Excess E&O Insurer Must Reimburse Defense Expenses Pending Resolution of Insured’s Coverage Dispute with Primary D&O Insurer
The United States District Court for the District of Kansas, applying Kansas law, has held that an excess E&O insurer was required to advance defense costs where coverage under a potentially responsive D&O policy had not yet been resolved and no other coverage was available. Bedivere Ins. Co. v. Blue Cross & Blue Shield of Kansas, Inc., 2019 WL 5819612 (D. Kan. Sept. 30, 2020).
The insured sought E&O and D&O coverage after it was sued in several antitrust class actions. The primary E&O carrier acknowledged coverage and ultimately exhausted its policy. The primary D&O carrier denied coverage, and the insured sued to establish coverage under the D&O policy.

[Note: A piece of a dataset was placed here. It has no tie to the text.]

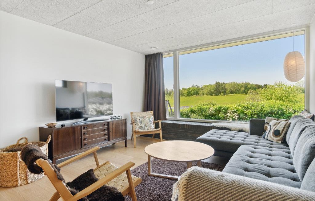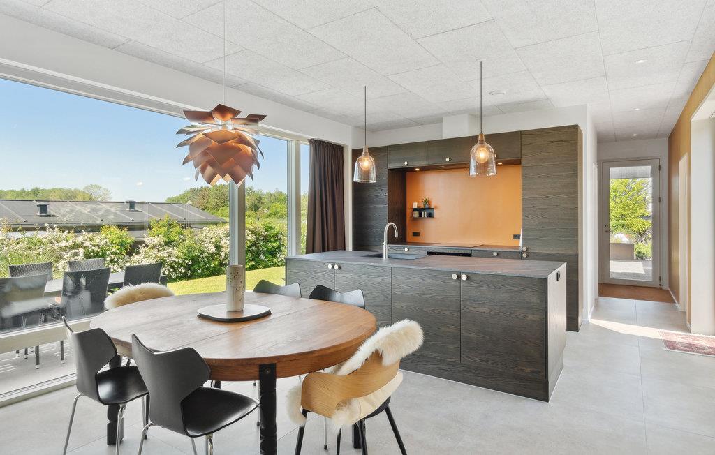 Eksklusivt feriehus ved Vejle Fjord med panoramaudsigt, moderne køkken og skøn have for en afslappende ferieoplevelse.

The excess E&O carrier sought a declaratory judgment that the excess E&O policy was not triggered until the primary D&O policy was exhausted. The excess E&O policy stated that it would “not have any obligation to make any payment hereunder unless and until the full amount of the applicable limit of liability of the Underlying Insurance has been paid by the issuer(s) of the Underlying Insurance.” In addition, the primary E&O policy, to which the excess E&O policy followed form, stated that it “shall be excess of and shall not contribute with. . . any other insurance. . . (whether collectible or not)[.]”

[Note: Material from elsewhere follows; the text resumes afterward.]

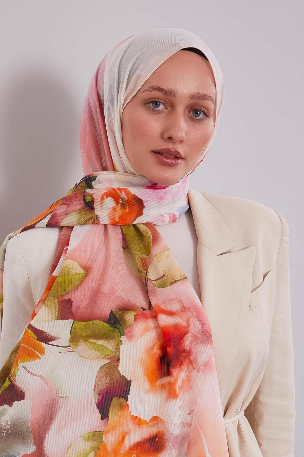 Şıklığınıza dinamizm katan eşsiz ebruli desen pamuk şal çiçek desenlerini özel pamuk dokusu ile bir araya getiriyor. Yumuşak dokusuyla kombinlerinize hem günlük hem de özel bir şıklık katıyor. Başörtüsü olarak kullanılabileceğiniz gibi omuz örtüsü veya çanta aksesuarı olarak da stilinize yaratıcı bir dokunuş katabilirsiniz. Hafif yapısı sayesinde pratik bir kullanım sunarken dayanıklı dokusu uzun süreli kullanım imkânı veriyor. Pilise etek takımlarınızın üzerinde kullandığınızda gün boyu rahatlık sunarken kombinlerinize sofistike bir görünüm sunuyor.

The insured and the primary D&O carrier filed motions to dismiss, which the court denied. The Executive Summary’s coverage of the court’s prior ruling can be found here. On reconsideration, the court modified its opinion to hold that the excess E&O carrier would need to advance defense costs, subject to its subrogation rights against the D&O carrier. The court explained that “while other insurance clauses often are used to apportion liability among insurers, they generally have ‘no bearing upon insurance companies’ respective obligations to the policyholder.’” The court held that the “whether collectible or not” language in the E&O policies’ other insurance clause was ambiguous, as it could have referred to the other insurer’s insolvency rather than denial of coverage. The court reasoned that the insured should not be worse off for having both E&O and D&O coverage and leaving the insured “without coverage while the existence of other insurance is disputed” would “impose a manifest injustice.”